苏幼筠前一日熬到天快亮才睡着,今日便起得有些晚了,此刻正赖在床上不愿起身。苏宁筠早上来瞧过一趟,见她还睡着,便也没叫醒她,只吩咐灶房将粥煲上,自己只身去了子衿阁。
一夜没睡好,加上小腹依旧隐隐有些不适,苏幼筠精神有些蔫蔫的,捏着勺子有一下没一下地拨弄着碗中的鸡丝粥。
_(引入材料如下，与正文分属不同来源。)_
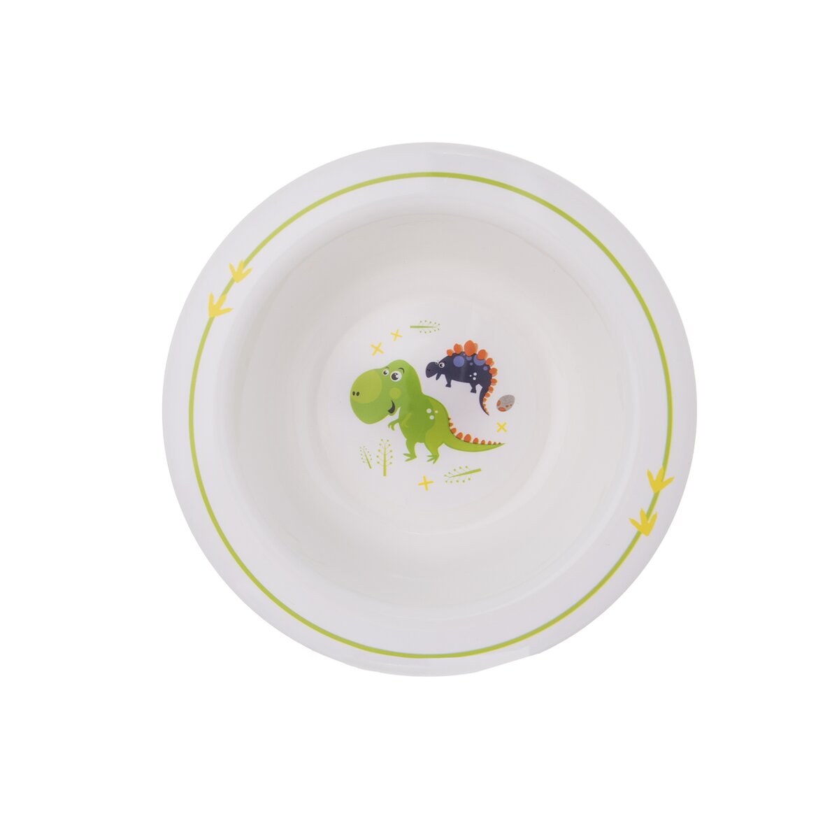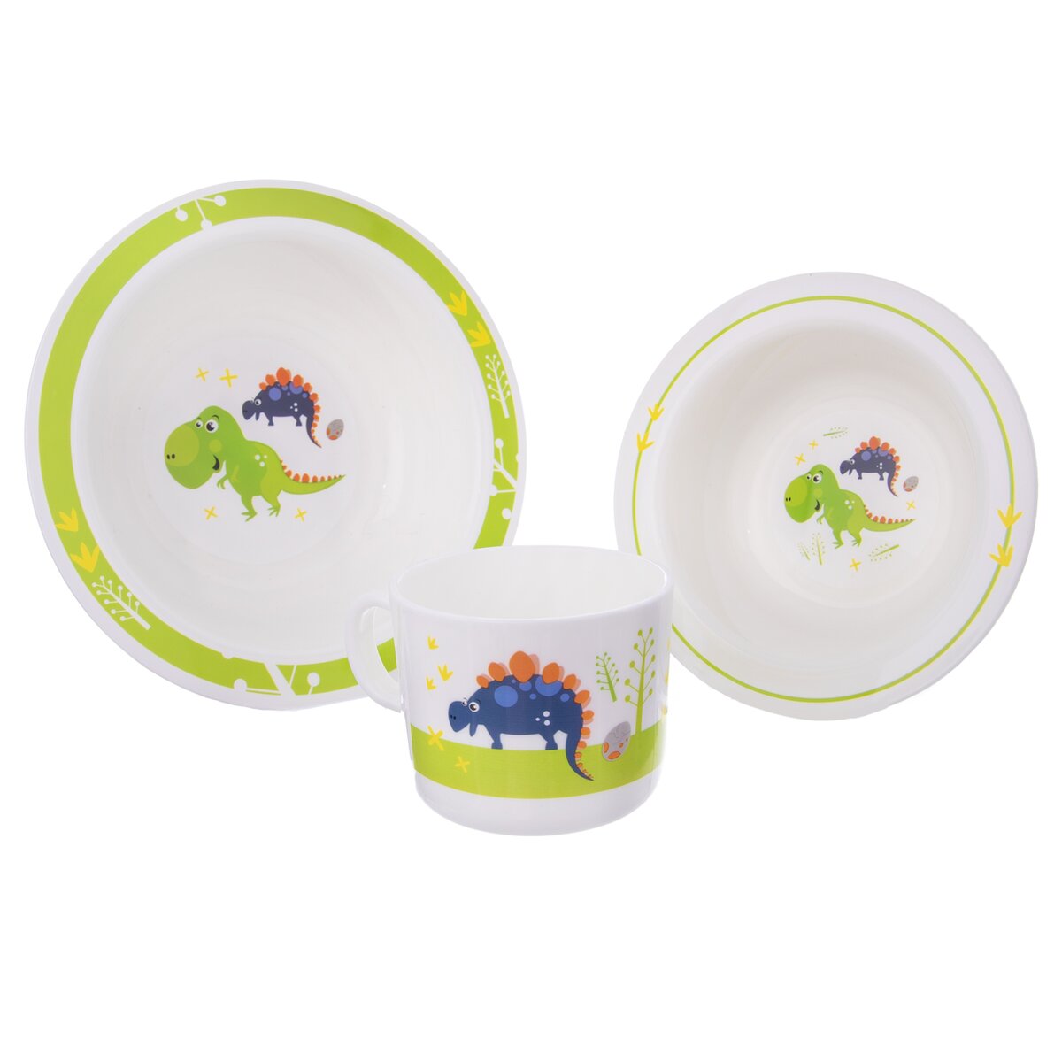 Kód produktu 112349Plastová jídelní sada DINO tvořená hrnkem o objemu 0,25 l, talířem a dvěma hlubokými miskami o průměru 14 cm a 17,5 cm.

娅茹这时候端着药碗走了进来,伴随而来的是一阵腥苦的药味。
苏幼筠皱了皱鼻子,歪头将娅茹凑过来的药碗推开道:“什么东西,这么难闻,弄得我胃口更不好了。”
娅茹神秘一笑,将药碗又凑近了些道:“小姐可知这药是谁送来的?”
“我又没病,谁好好的给我送药?”苏幼筠平素最不爱吃药,过去小时候,苏夫人为了哄她吃药,不知要搭进多少蜜饯。所以昨日苏幼筠即便腹痛到下不来床,也不肯让姐姐给她去找郎中开药。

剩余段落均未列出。